Dataset excerpts -
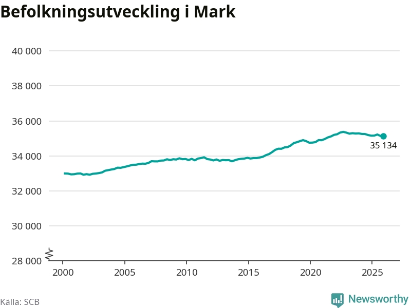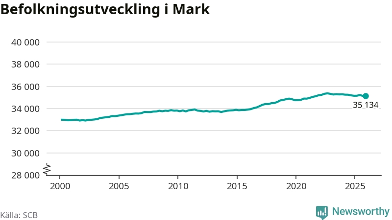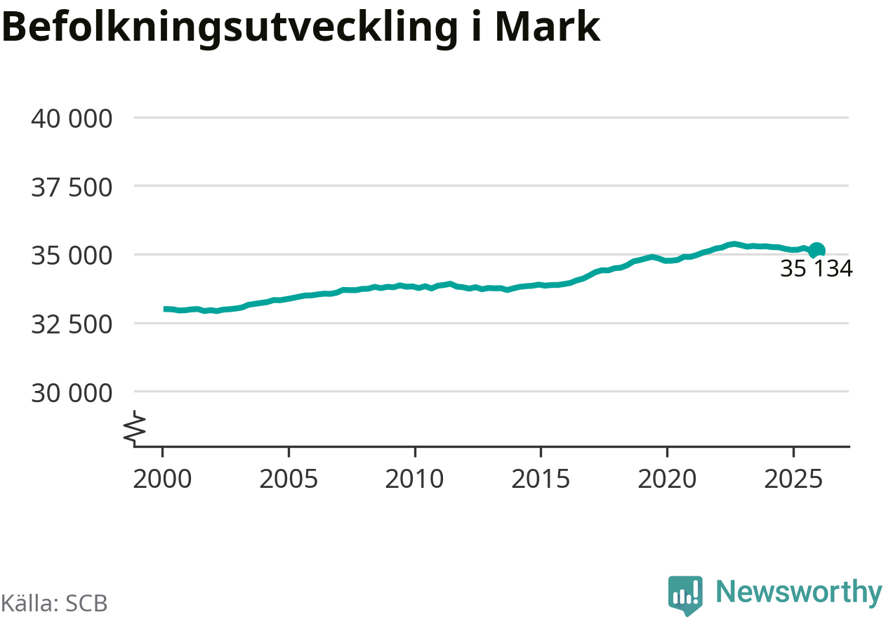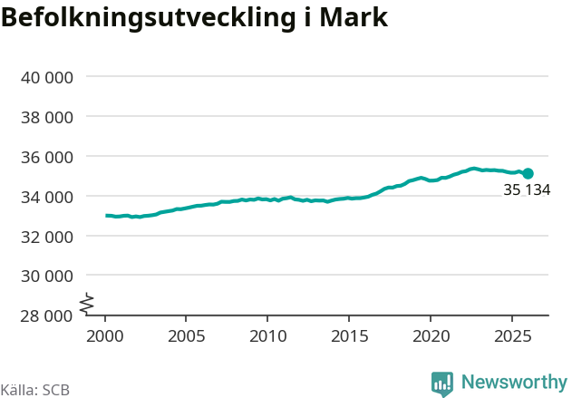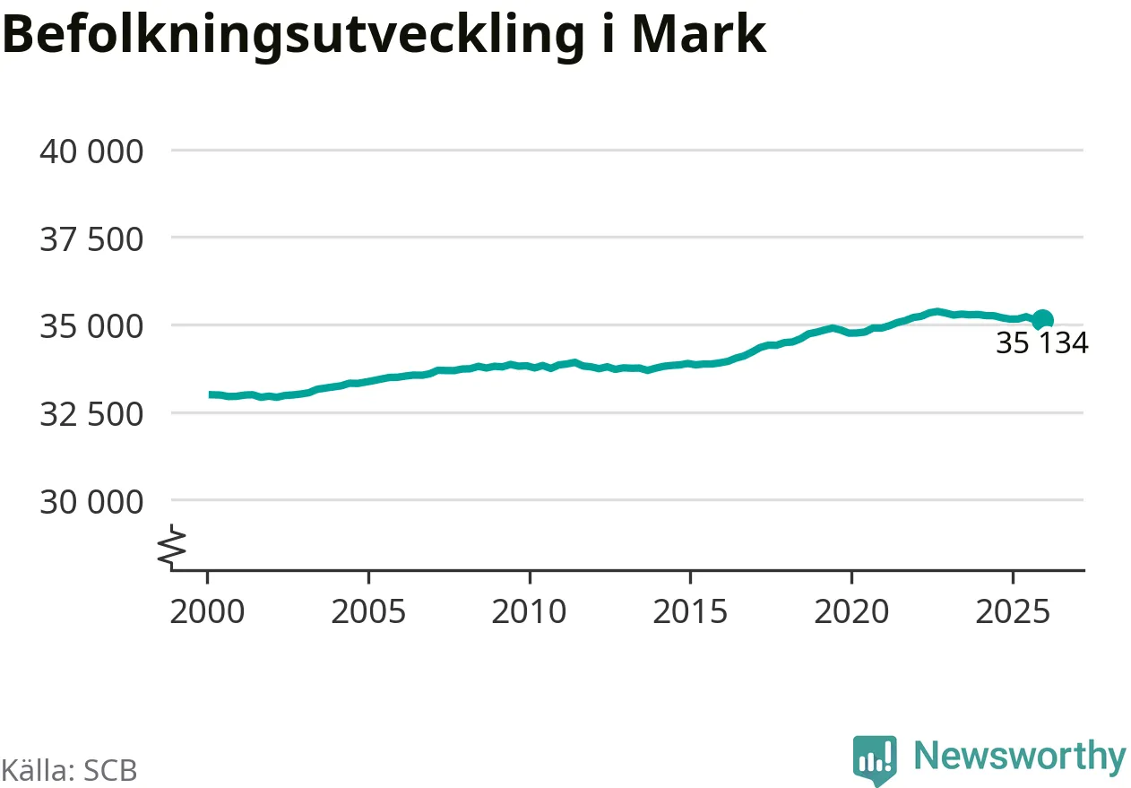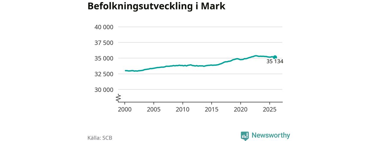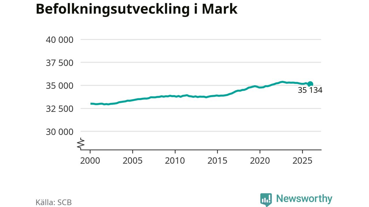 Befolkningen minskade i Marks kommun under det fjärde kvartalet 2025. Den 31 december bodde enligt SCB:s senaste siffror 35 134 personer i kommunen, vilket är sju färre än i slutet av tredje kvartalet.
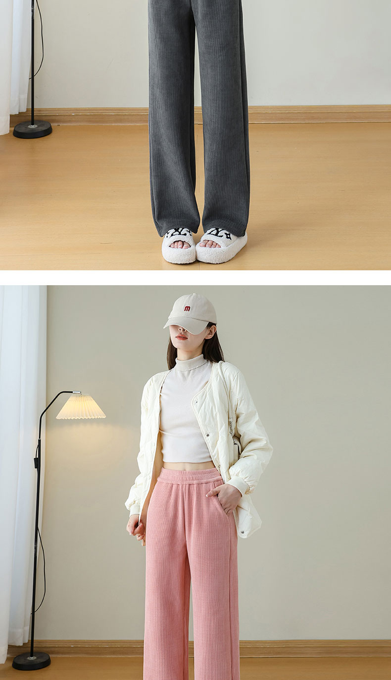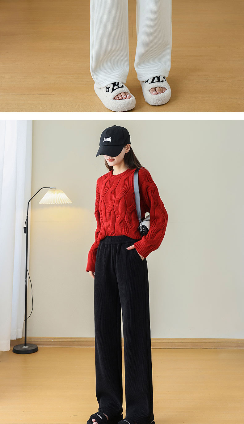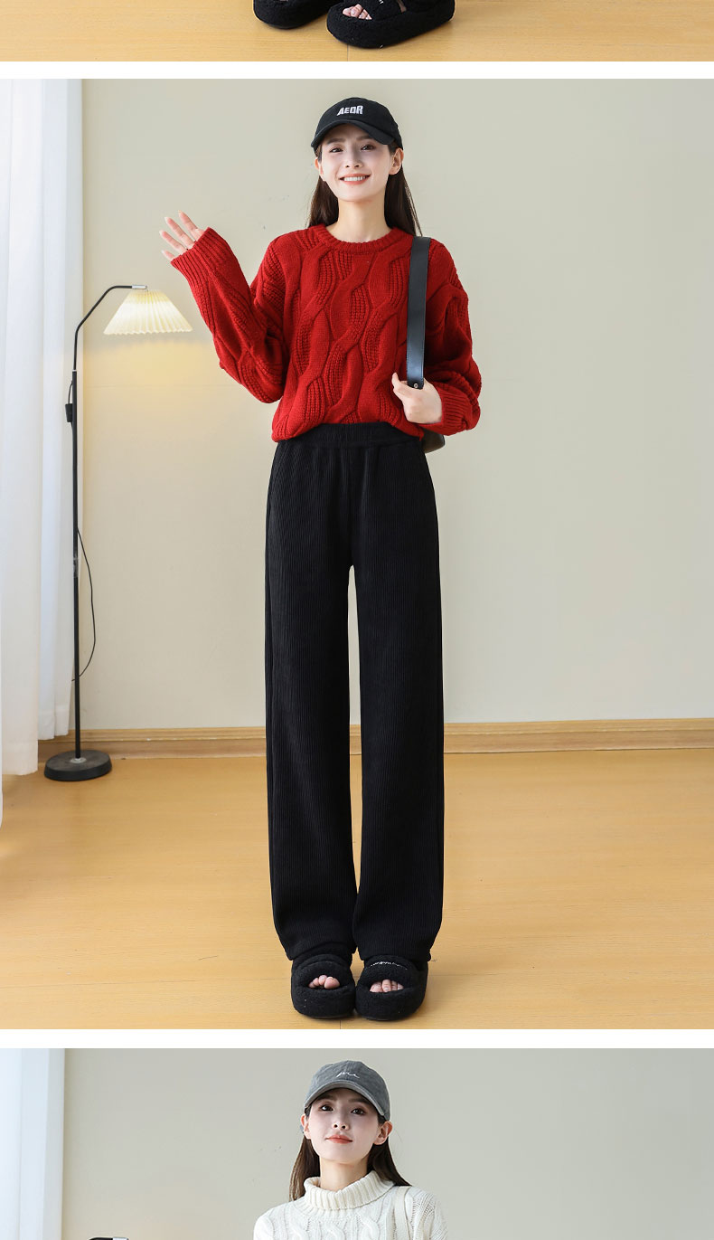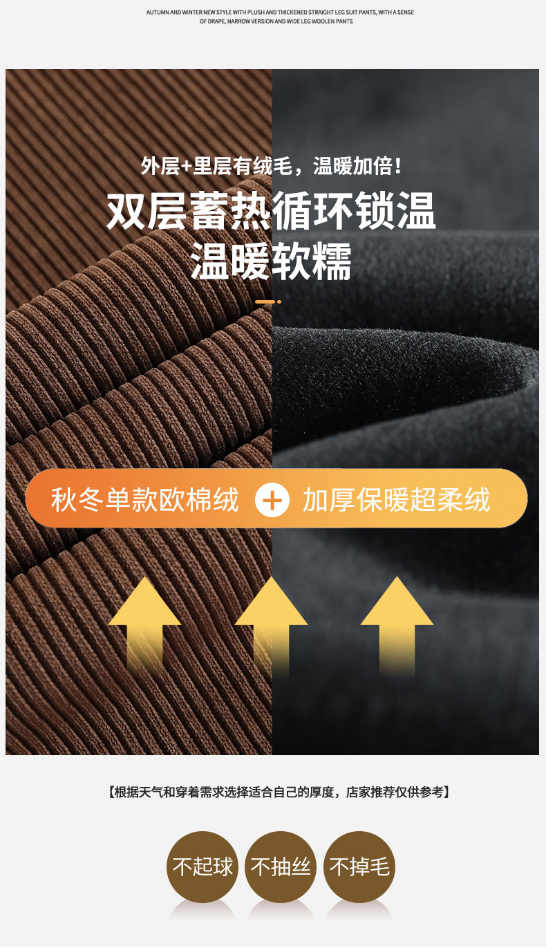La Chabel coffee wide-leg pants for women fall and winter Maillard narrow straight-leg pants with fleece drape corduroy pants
---
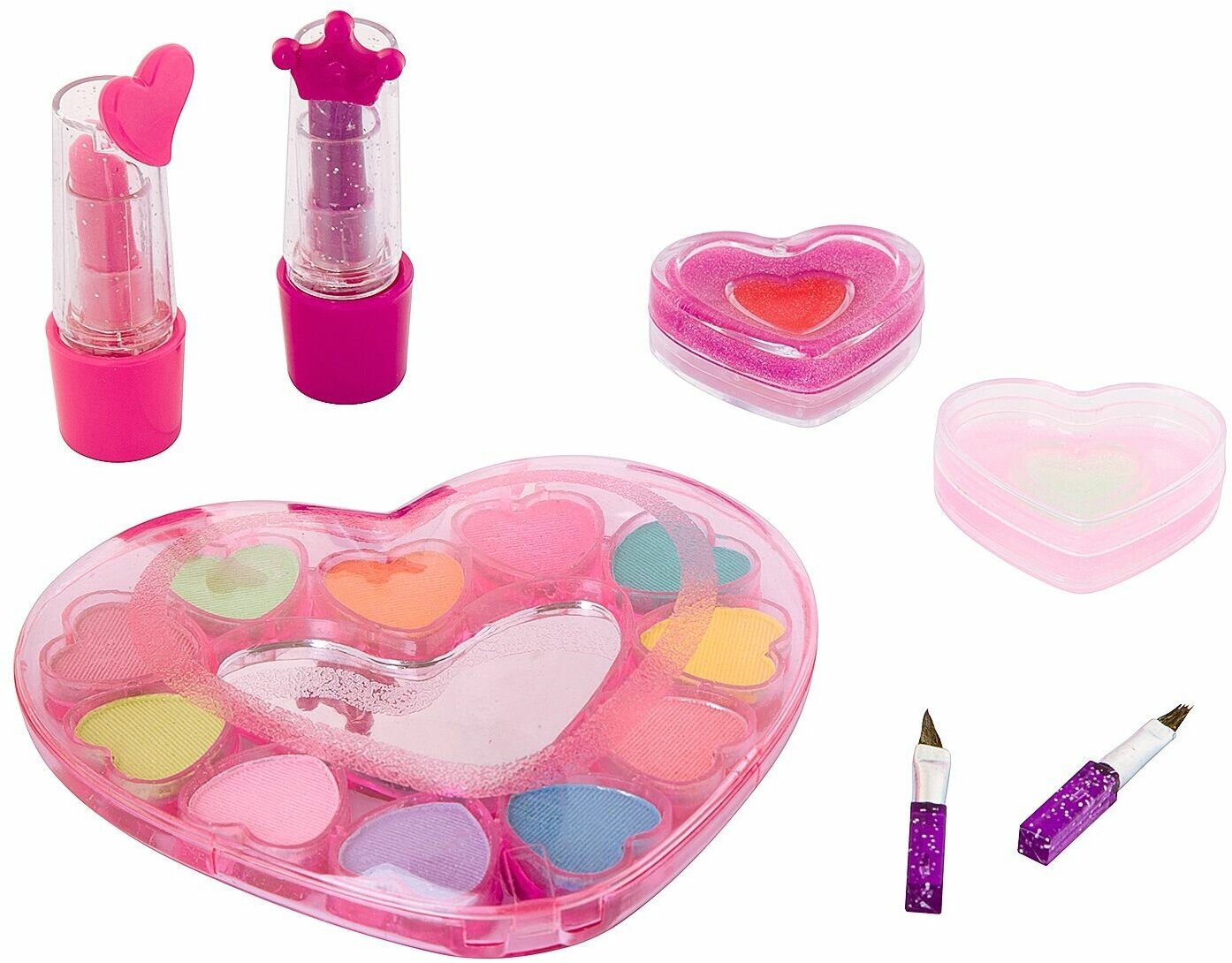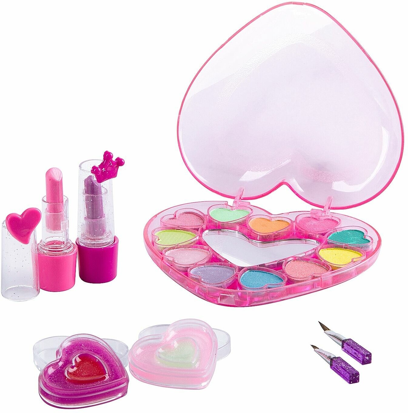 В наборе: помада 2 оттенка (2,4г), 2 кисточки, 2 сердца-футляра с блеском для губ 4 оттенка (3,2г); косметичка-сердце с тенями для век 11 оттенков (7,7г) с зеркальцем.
...
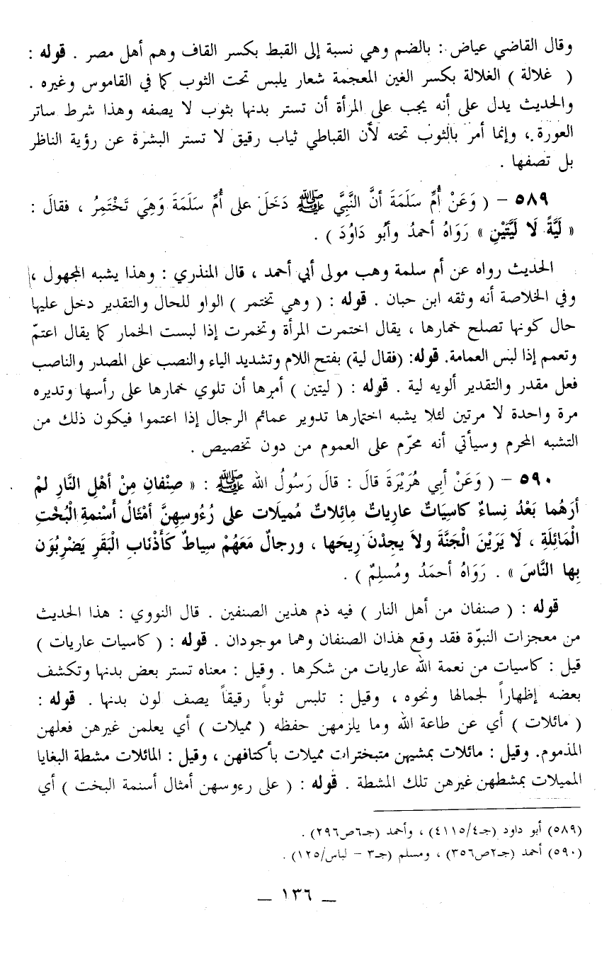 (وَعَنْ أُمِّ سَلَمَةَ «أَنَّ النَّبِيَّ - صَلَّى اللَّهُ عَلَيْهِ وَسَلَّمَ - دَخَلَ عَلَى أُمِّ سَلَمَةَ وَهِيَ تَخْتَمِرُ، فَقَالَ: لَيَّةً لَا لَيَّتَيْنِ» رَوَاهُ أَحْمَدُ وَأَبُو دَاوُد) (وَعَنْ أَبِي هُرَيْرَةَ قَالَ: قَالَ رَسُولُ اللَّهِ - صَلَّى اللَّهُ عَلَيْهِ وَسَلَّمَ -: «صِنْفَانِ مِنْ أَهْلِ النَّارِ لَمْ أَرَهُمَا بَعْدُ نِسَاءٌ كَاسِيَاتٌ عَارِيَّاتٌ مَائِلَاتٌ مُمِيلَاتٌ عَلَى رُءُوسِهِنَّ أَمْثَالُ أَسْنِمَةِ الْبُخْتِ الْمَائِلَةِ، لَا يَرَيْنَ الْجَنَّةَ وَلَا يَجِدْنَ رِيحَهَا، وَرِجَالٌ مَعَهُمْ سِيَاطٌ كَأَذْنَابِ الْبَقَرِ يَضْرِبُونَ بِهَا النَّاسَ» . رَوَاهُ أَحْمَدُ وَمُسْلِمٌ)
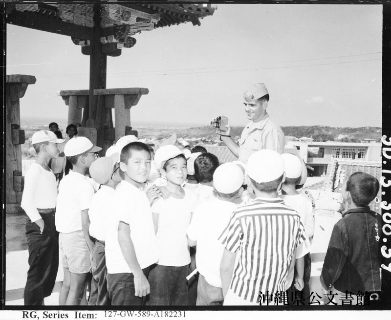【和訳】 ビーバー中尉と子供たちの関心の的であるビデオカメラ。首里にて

Task requirements -
Output should consist of the lines above from the one with "Befolkningen minskade i" down to the one with "La Chabel coffee", exact and without pictures.

Solution for this exercise -
 Befolkningen minskade i Marks kommun under det fjärde kvartalet 2025. Den 31 december bodde enligt SCB:s senaste siffror 35 134 personer i kommunen, vilket är sju färre än i slutet av tredje kvartalet.
La Chabel coffee wide-leg pants for women fall and winter Maillard narrow straight-leg pants with fleece drape corduroy pants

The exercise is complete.